Any way you decide, you must remember: if you change the parser, the parse tree of the soup changes. This means you must revisit and perhaps change your code.

Parse Only What’s Needed

Even with an optimized parser, creating the document model of the HTML text takes time. The bigger the page, the more slowly this model is created.

One option to tune the performance a bit is to tell Beautiful Soup which part of the whole page you will need, and it will create the object model from the relevant part. To do this, you can use a SoupStrainer object.

A SoupStrainer tells Beautiful Soup what parts extract, and the parse tree will consist only of these elements. This speeds up the process a bit, if you can narrow down the required information to a smaller portion of the HTML.
strainer = SoupStrainer(name='ul', attrs={'class': 'productLister gridView'})
soup = BeautifulSoup(content, 'html.parser', parse_only=strainer)
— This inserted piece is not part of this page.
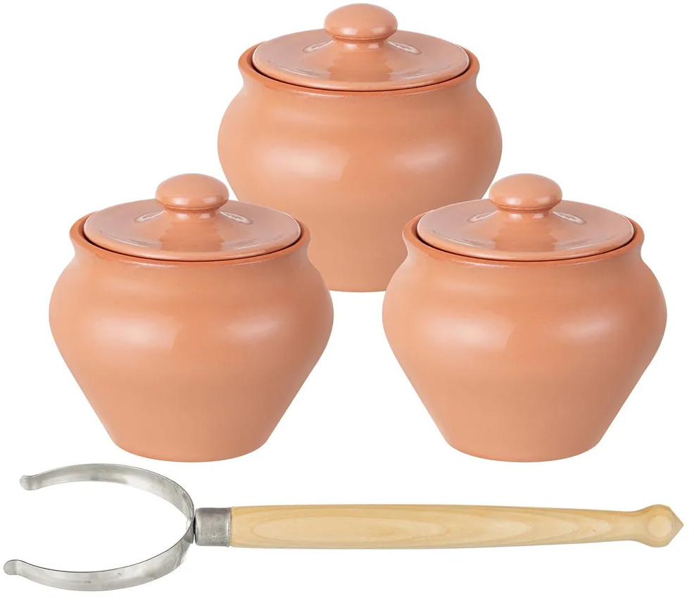 Из трех крышек- только одна по размеру. Одна меньше, чуть не проваливается в горшок, одна больше чем надо. Из-за этого горшочки закрываются не плотно.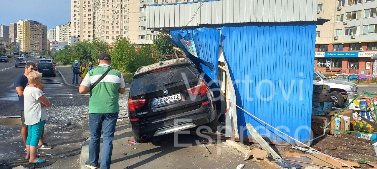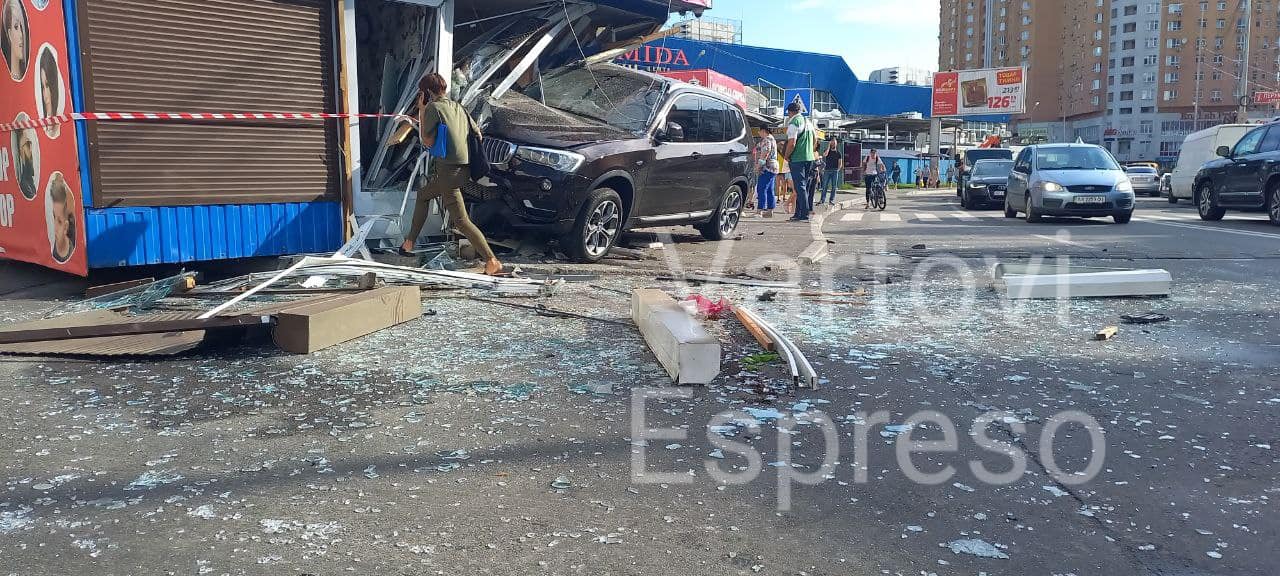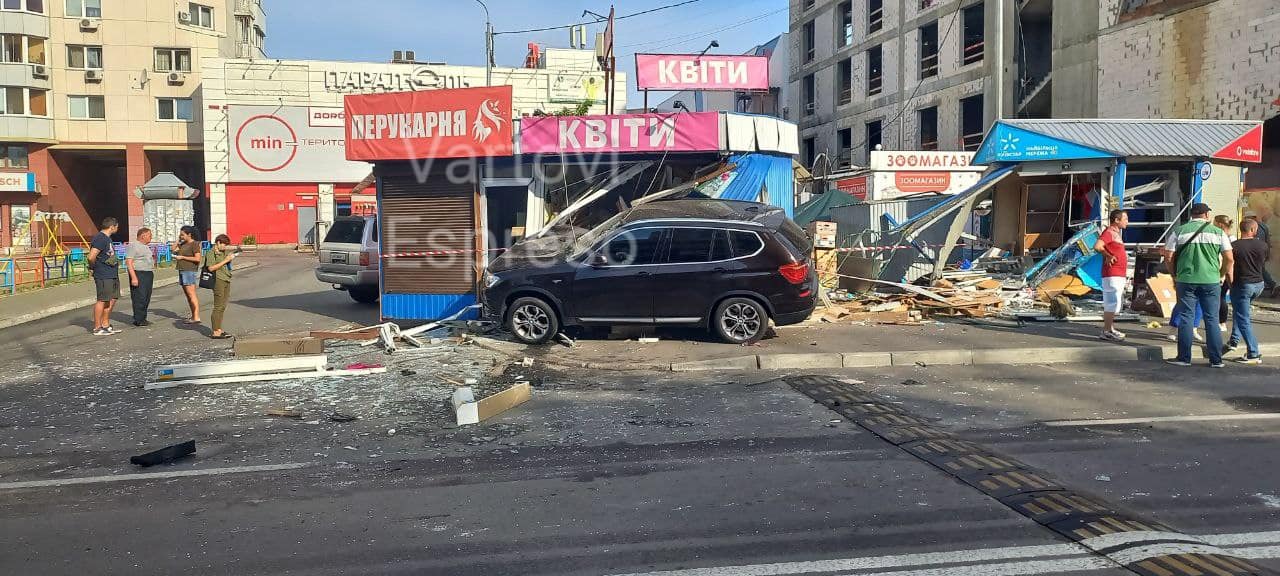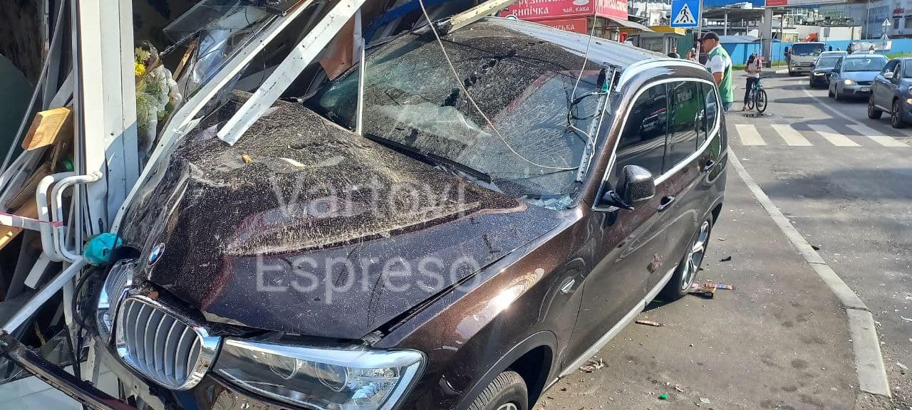 Как сообщают "Вартові Еспресо", водитель BMW Х5 двигался по улице Александра Мишуги, не справился с управлением, вылетел на бордюр, а затем протаранил киоск. Автомобиль понесло дальше и он протаранил еще один торговый павильон.

The preceding code creates a simple SoupStrainer that limits the parse tree to unordered lists having a class attribute 'productLister gridView'— which helps to reduce the site to the required partsand it uses this strainer to create the soup.

Because you already have a working scraper, you can replace the soup calls using a strainer to speed up things.

The following piece of information is hard to find on the Internet: you can use multiple attributes in the strainer to parse the website. For example, if you extract the links to product pages , you have three options based on the level of the current department link:
  • The link leads to product pages.

  • The link leads to a first-level sublist.

  • The link leads from a first-level sublist to a second-level sublist.

In this case, you have three different classes but want to create the soup if any of them is present. You can do something like this:
BeautifulSoup(content, 'html.parser', name="ul",
                attrs={'class': ['productLister gridView', 'categories shelf', 'categories aisles']})

Here, you have listed all three versions of the lists that can happen, and the soup contains all the relevant information.

A (flawed) benchmark using a hard cache:12 my script gained 100% speedup (from 158.907 seconds to 79.109 seconds) using strainers.

Saving While Working

If your application encounters an exception while running, the current version breaks on the spot and all your gathered information is lost.

One approach is to use DFS. With this approach, you go straight down the target graph and extract the products in the shortest way. Moreover, when you encounter a product, you save it to your target medium (CSV, JSON, relational, or NoSQL database).

Another approach keeps the BFS and applies saving the products as they are extracted. This is the same approach as using the DFS algorithm. The only difference is when you reach the products.

Both approaches need a mechanism to restart work, or at least save some time with skipping already written products. For this, you create a function that loads the contents of the target file, stores the extracted URLs in memory, and skips the download of already extracted products.

Staying with the BFS solution of this chapter, you must modify the extract_product_information function to yield every piece of product information when it is ready. Then you wrap the call of this method into a loop and save the results to your target.

Surely, this creates some overhead: you open a file-handle every time you save a piece, you must take care of saving the entries into a JSON array, you open and close database connections for every write… Alternatively, you do opening and closing (file-handle or database connection) surrounding the extraction. In those cases, you must take care of flushing/committing the results ; if something happens, your extracted data is saved.

What about try-except?

Well, wrapping the whole extracting code in a try-except block is a solution too, but you must ensure that you don’t forget about the exceptions that happened and you can get the missing data later. But such exceptions can happen while you’re at a main page that leads to detail pages—and from my experience I know that once you wrap code into an exception handling block, you will forget to revisit the issues in the future.

Developing on a Long Run

Sometimes you develop scrapers for bigger projects, and you cannot launch your script after every change because it takes too much time.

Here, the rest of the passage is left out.